Upon harvesting, for example, the yeast fermentation product, from the growth vessels, further components can be added as the harvested product is placed into containers and/or piped (or otherwise transported for use). The additives can be, for example, buffers, carriers, other microbe- based compositions produced at the same or different facility, viscosity modifiers, preservatives, nutrients for microbe growth, tracking agents, solvents, biocides, other microbes and other ingredients specific for an intended use.
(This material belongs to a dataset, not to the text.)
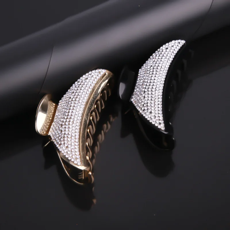 Transform your hairstyle with this stunning women's hair accessory, featuring a unique geometric moon shape. Crafted from durable acrylic, it offers a vintage-inspired design that combines elegance with practicality. The clip is enhanced with shimmering rhinestones, creating a glamorous sparkle that catches the light beautifully. Available in versatile black and luxurious gold-tone finishes, these clips are perfect for adding a refined touch to everyday or special occasions. Its curved silhouette resembles a crescent moon, providing a sophisticated and balanced aesthetic. With a secure grip, the clip easily holds hair in place, making it both stylish and functional. Whether for a casual day or an elegant evening, it elevates your look effortlessly.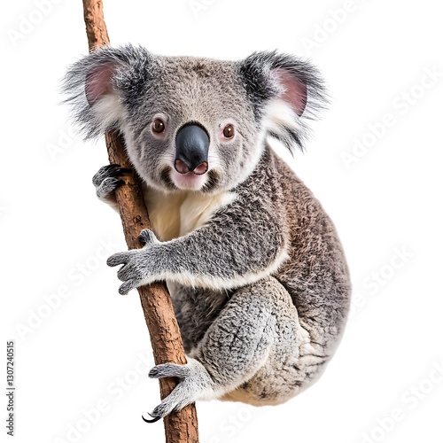 © MMaazgraphicx , Naklejka premium Adorable Koala Hanging on a Branch Isolated on White Background

Other suitable additives, which may be contained in the formulations according to the invention, include substances that are customarily used for such preparations. Examples of such additives include surfactants, emulsifying agents, lubricants, buffering agents, solubility controlling agents, pH adjusting agents, preservatives, stabilizers and ultra-violet light resistant agents.

In one embodiment, the product may further comprise buffering agents including organic and amino acids or their salts. Suitable buffers include citrate, gluconate, tartarate, alate, acetate, lactate, oxalate, aspartate, malonate, glucoheptonate, pyruvate, galactarate, glucarate, tartronate, glutamate, glycine, lysine, glutamine, methionine, cysteine, arginine and a mixture thereof. Phosphoric and phosphorous acids or their salts may also be used. Synthetic buffers are suitable to be used but it is preferable to use natural buffers such as organic and amino acids or their salts listed above. In a further embodiment, pH adjusting agents include potassium hydroxide, ammonium hydroxide, potassium carbonate or bicarbonate, hydrochloric acid, nitric acid, sulfuric acid or a mixture.

In one embodiment, additional components such as an aqueous preparation of a salt such as sodium bicarbonate or carbonate, sodium sulfate, sodium phosphate, sodium biphosphate, can be included in the formulation.

Advantageously, in accordance with the subject invention, the microbe-based product may comprise broth in which the microbes were grown. The product may be, for example, at least, by weight, 1 %, 5%, 10%, 25%, 50%, 75%, or 100% broth. The amount of biomass in the product, by weight, may be, for example, anywhere from 0% to 100% inclusive of all percentages therebetween.

Optionally, the product can be stored prior to use. The storage time is preferably short. Thus, the storage time may be less than 60 days, 45 days, 30 days, 20 days, 15 days, 10 days, 7 days, 5 days, 3 days, 2 days, 1 day, or 12 hours. In a preferred embodiment, if live cells are present in the product, the product is stored at a cool temperature such as, for example, less than 20° C, 15° C, 10° C, or 5° C. On the other hand, a biosurfactant composition can typically be stored at ambient temperatures.

Local Production of Microbe-Based Products

In certain embodiments of the subject invention, a microbe growth facility produces fresh, high-density microorganisms and/or microbial growth by-products of interest on a desired scale. The microbe growth facility may be located at or near the site of application. The facility produces high- density microbe-based compositions in batch, quasi-continuous, or continuous cultivation.

The microbe growth facilities of the subject invention can be located at the location where the microbe-based product will be used (e.g., a free-range cattle pasture). For example, the microbe growth facility may be less than 300, 250, 200, 150, 100, 75, 50, 25, 15, 10, 5, 3, or 1 mile from the location of use.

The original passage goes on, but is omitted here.